Gene expression and Regulation program, The Wistar Institute, Philadelphia, PA, 19104, USA.
Epigenetics Institute, University of Pennsylvania, Philadelphia, PA, 19104, USA.
Nat Commun. 2020 May 6;11(1):2219. doi: 10.1038/s41467-020-15902-9.
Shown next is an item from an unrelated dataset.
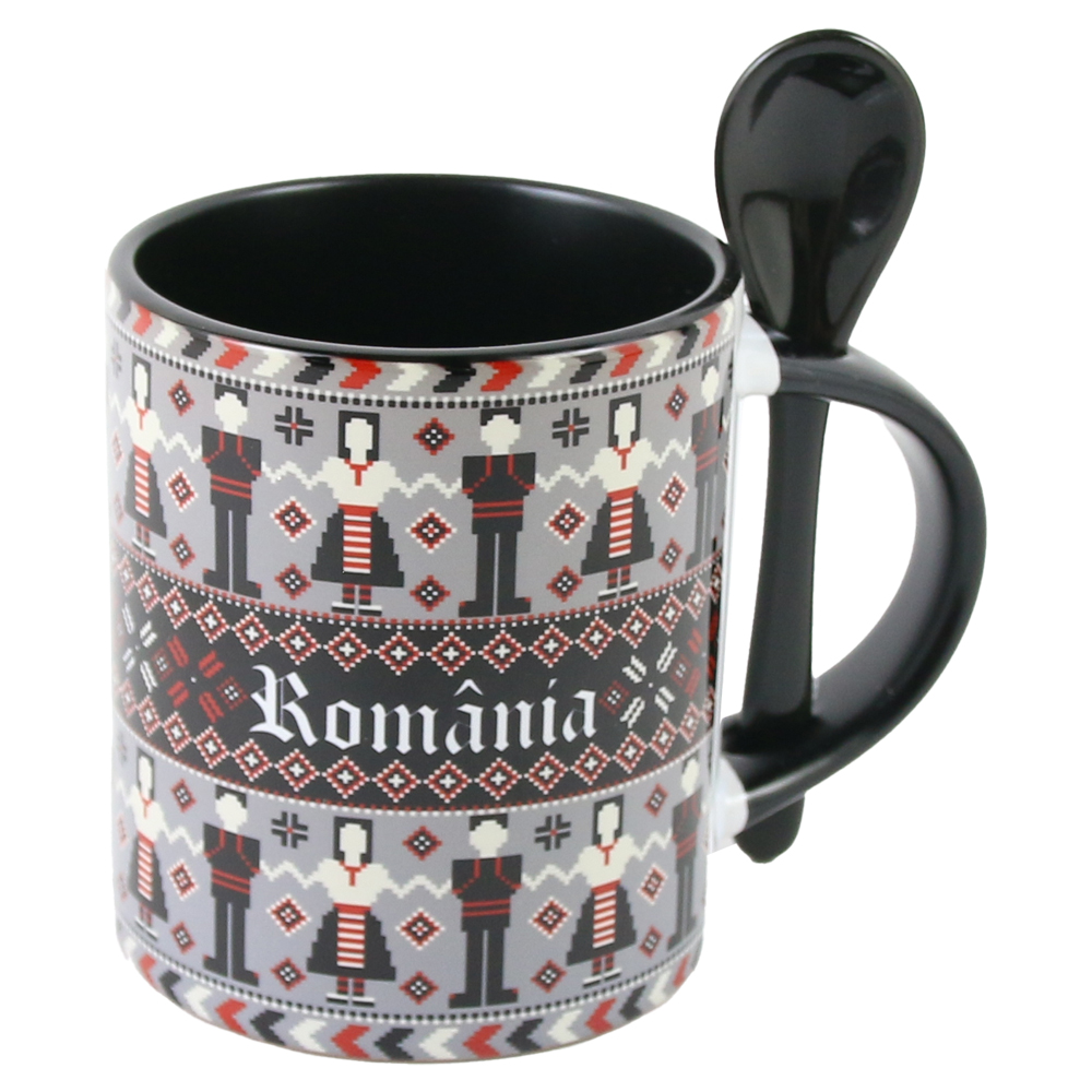 Cana ceramica cu lingurita, „Romania”, 330 ml, dansatori, negru

Heterochromatin in the eukaryotic genome is rigorously controlled by the concerted action of protein factors and RNAs. Here, we investigate the RNA binding function of ATRX, a chromatin remodeler with roles in silencing of repetitive regions of the genome and in recruitment of the polycomb repressive complex 2 (PRC2). We identify ATRX RNA binding regions (RBRs) and discover that the major ATRX RBR lies within the N-terminal region of the protein, distinct from its PHD and helicase domains. Deletion of this ATRX RBR (ATRXΔRBR) compromises ATRX interactions with RNAs in vitro and in vivo and alters its chromatin binding properties. Genome-wide studies reveal that loss of RNA interactions results in a redistribution of ATRX on chromatin. Finally, our studies identify a role for ATRX-RNA interactions in regulating PRC2 localization to a subset of polycomb target genes.
真核基因组中的异染色质受到蛋白质因子和 RNA 的协同作用的严格控制。在这里,我们研究了 ATRX 的 RNA 结合功能,ATRX 是一种染色质重塑因子,在基因组重复区域的沉默和多梳抑制复合物 2 (PRC2) 的募集中发挥作用。我们确定了 ATRX 的 RNA 结合区域 (RBR),并发现主要的 ATRX RBR 位于蛋白质的 N 端区域,与它的 PHD 和螺旋酶结构域不同。该 ATRX RBR(ATRXΔRBR)的缺失会损害 ATRX 与体外和体内 RNA 的相互作用,并改变其染色质结合特性。全基因组研究表明,RNA 相互作用的丧失导致 ATRX 在染色质上的重新分布。最后,我们的研究确定了 ATRX-RNA 相互作用在调节 PRC2 定位到一组多梳靶基因中的作用。